There's a stratosphere of

There's a stratosphere of beauty, intricacy and reflective self-awareness in this remarkable contemplation. The flawless rhythm mirrors the turbulent strife punctuated by hope with its ocean-like rocking and cleverly enjambed line breaks. Your strategy to use a lower case "i" was a brilliant metaphor in itself and spoke volumes about your inner quest for some meaning behind life's farcical drama.
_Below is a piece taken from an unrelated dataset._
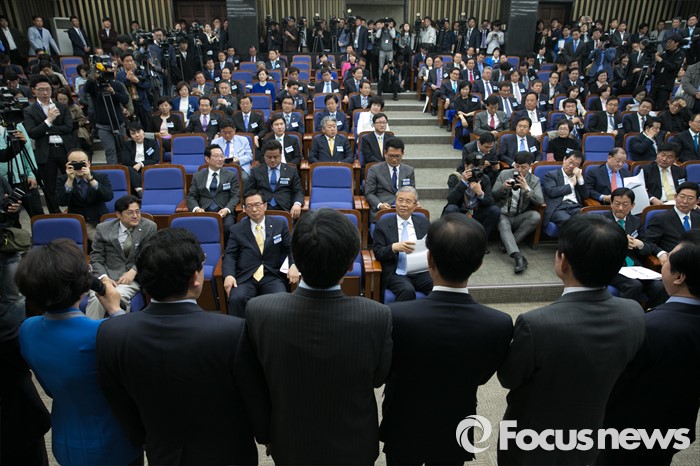 (서울=포커스뉴스) 20일 오전 서울 여의도 국회에서 열린 더불어민주당 20대 총선 당선자 대회에 참석한 김종인 비대위 대표 등 당선인들이 경기도 지역 당선인들의 인사말을 듣고 있다.
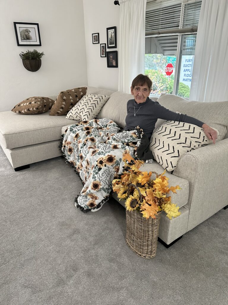 Today, thanks to the generosity of our donors and our partnership with RC Willey, Marilyn has a beautiful new couch that brings her comfort, joy, and a feeling of being truly cared for. She is over the moon and more comfortable inviting others over to visit.

The voyage is articulated with a startling and sublime sense of discovery:

 

"and come to find reality

a stranger yet unknown

how long the race run

valiantly, toward the I of immortality

down dark, disrobed duality

whilst my soul is flayed to bone!"

 

You continue to express pummeling angst with such intensity and eloquence that I'm feeling every word:

 

"to think i was that fallacy

i told myself repeatedly

in lies i spoke defeating me

an i who never was…

here and there"

 

But this is not just an emotional outpouring; it's profound insight and deep questioning. A turning point. I was delighted when you uncovered an intellectual diamond when you hit upon fear's circular, insidious snare: "the fear of fear".

 

The treacherous path you described so well is very much like the one traveled by St. John of The Cross, and the payoff just as unimaginably glorious as you imply in the last two undaunted, radiant and victorious lines.

 

A stunner! 

 
ewbonitz's picture

I appreciate all the kind

I appreciate all the kind words you've spoken. I haven't written poetry for nearly a decade, until recently, that is, I started writing again. My wife left me, and began an affair with two separate co-workers. Well... damn... in September I was planning on setting my affairs in order, writing a suicide note, and eating a bullet. I got help instead; had myself hospitalized, started seeing a therapist, started medication and resolved instead to live. And now, would you look at that, the poetry came back. Funny how it works that way...


"Paper is patient." - Anne Frank

patriciajj's picture

The poetry came back with

The poetry came back with beauty and wonder! And congratulations to you for taking the path of courage, hope and renewal: for choosing life! You should be proud of yourself. I know the struggles, and you certainly are not alone.

 

Thank you for your warm and candid reply.